What works: Humanlinker’s scoring is helpful if you customize it. If you just use the default, you’ll wind up with a generic hit list.
5. Build Account Maps for Outreach
You’ve got your list—use Humanlinker to visualize who you know, who you don’t, and where your gaps are.
- Org chart view: See the hierarchy and reporting lines. It’s not always 100% accurate, but it’s better than guessing.
- Relationship mapping: Tag who’s warm (you’ve spoken), cold (no contact), or champion (internal advocate).
- Export or share maps: You can export these as PDFs or share links with your team. Don’t let them live in a silo—get sales, SDRs, and exec sponsors on the same page.
Skip the fluff: Don’t waste time building pretty org charts for accounts you’ll never touch. Focus on your top 20-50 accounts.
6. Use Humanlinker to Track Engagement and Next Steps
Now that your accounts are mapped and prioritized, keep the momentum:
- Log interactions: Humanlinker lets you track emails, calls, meetings, and LinkedIn touches.
- Set reminders: For key accounts, schedule next steps or nudges right in the platform.
- Watch for signals: The tool can flag job changes, new hires, or funding announcements—use these as excuses to reach out.

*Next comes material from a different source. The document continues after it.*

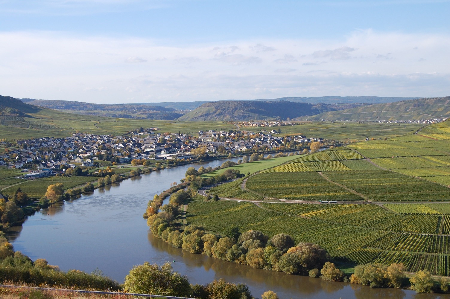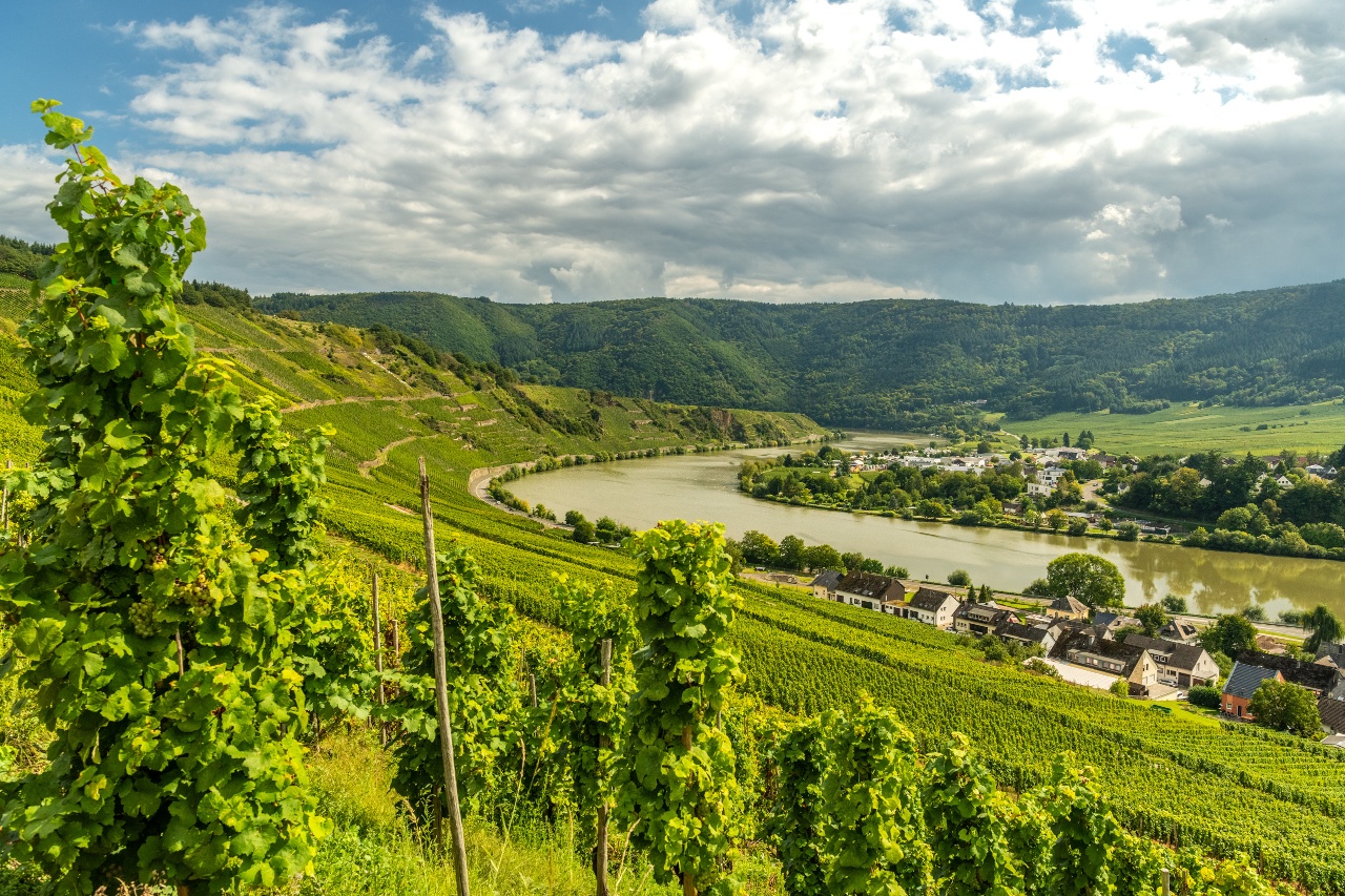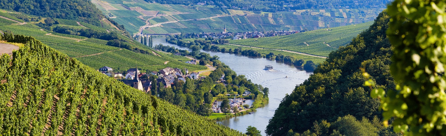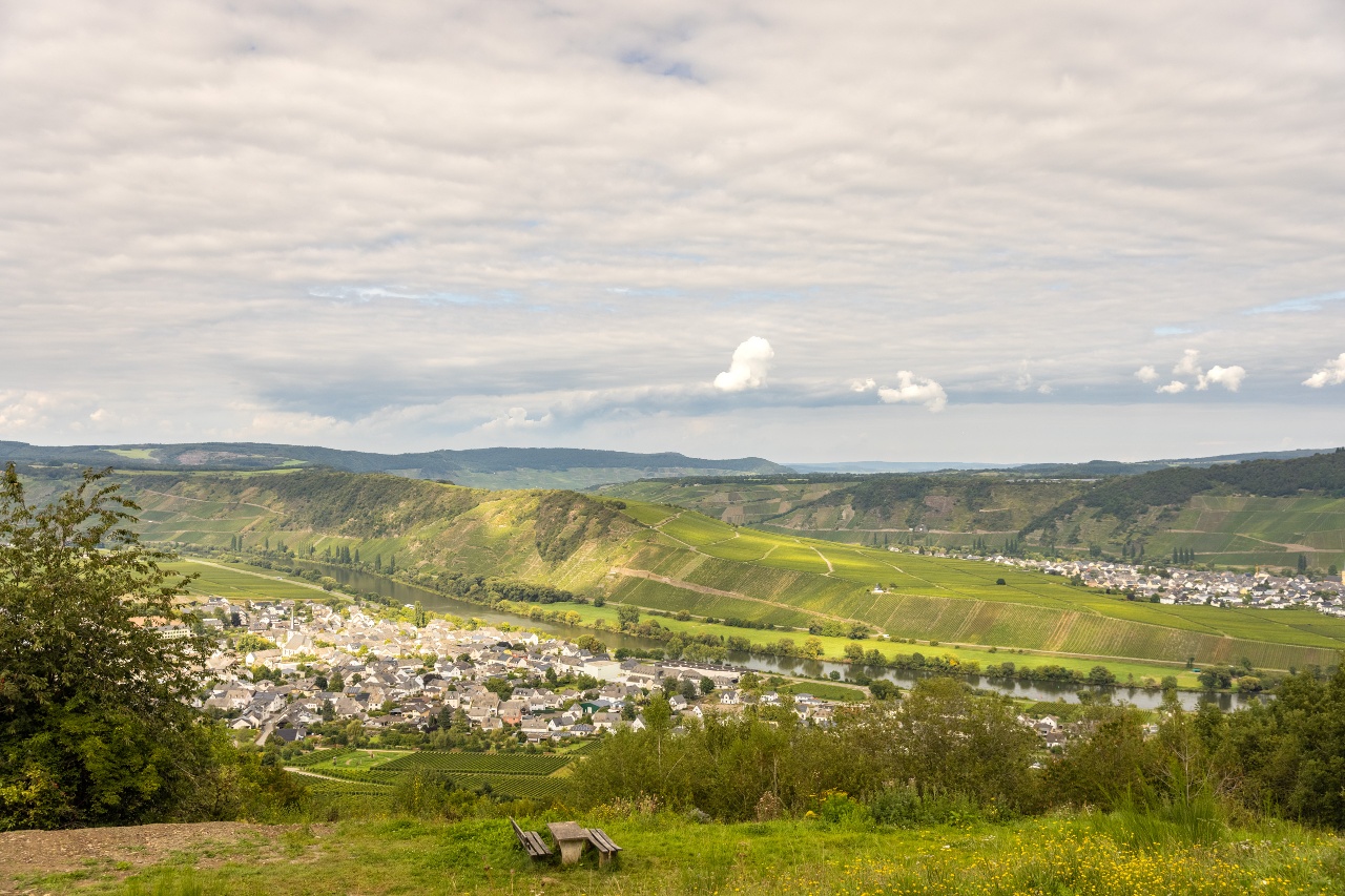 Der weitere Anstieg hinter der Kapelle führt zunächst noch durch Weinberge, die aber etwas höher durch niedrigen Wald abgelöst werden. Bei einer Streuobstwiese wird der Blick ins Moseltal wieder frei. Eine Schutzhütte bietet auch Rastmöglichkeiten, damit du die Aussicht etwas länger genießen kannst. Durch niedrigen Wald geht es weiter zum Rand des Ferienparks Sonnenberg, zuletzt auch richtig steil. Hier, oberhalb des Wildgeheges, solltest du dich unbedingt umdrehen und beim Verschnaufen die wunderbare Aussicht in Richtung Mosel bewundern. Der Moselsteig führt jetzt abwärts in den Wald hinein und bleibt auch auf dem weiteren Weg bergab noch im Wald. Nach einigen Häusern des Ortsteils Zummethöhe erreichst du am Parkplatz die Kreisstraße. Nach der Überquerung stehst du oberhalb der Weinberge und siehst vor dir die Trittenheimer Moselschleife – eine der ganz typischen, von Weinbergen gesäumten Schleifen der Mittelmosel. Trittenheim mit seiner Kirche, das inmitten der Schleife liegt, rundet dieses wunderschöne Bild ab. Ein Zuweg führt von hier in den bekannten Weinort.

What to ignore: Don’t let the tool become another inbox. Log what matters, but don’t obsess over every click or view.
7. Review and Adjust—Don’t “Set and Forget”
ABM isn’t a one-and-done deal. Accounts change, people leave, priorities shift.

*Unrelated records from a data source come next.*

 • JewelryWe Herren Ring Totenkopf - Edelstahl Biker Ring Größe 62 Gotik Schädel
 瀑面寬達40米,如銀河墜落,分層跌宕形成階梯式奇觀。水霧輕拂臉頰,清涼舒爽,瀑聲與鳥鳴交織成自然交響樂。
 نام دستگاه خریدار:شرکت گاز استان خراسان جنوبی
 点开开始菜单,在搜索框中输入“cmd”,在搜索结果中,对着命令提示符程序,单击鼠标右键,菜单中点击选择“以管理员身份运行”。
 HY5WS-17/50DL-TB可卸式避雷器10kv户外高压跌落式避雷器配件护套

- Monthly reviews: Block an hour each month to review your Humanlinker account map. Add new contacts, drop dead accounts, adjust priorities.
- Team feedback: What’s working? What’s still missing? Use real sales feedback, not just platform dashboards.
- Refine your ICP: If you keep seeing duds at the top of your list, change your criteria—not just your messaging.
Honest take: No tool—including Humanlinker—will do your thinking for you. The platform’s useful, but you still need to use your judgment.
Final Thoughts: Keep It Simple, Iterate Often
You don’t win deals by building the prettiest account maps. You win by knowing who matters most and focusing your time there. Humanlinker can help you map and prioritize your ABM targets, but it’s not a silver bullet.
Focus on clear ICPs, real people (not just job titles), and honest reviews of what’s working. Start simple, fix what’s broken, and keep iterating. The best ABM strategies are the ones you actually use—consistently.
If you find yourself lost in features, go back to basics: Who’s buying, and why? That’s what matters. Everything else is just noise.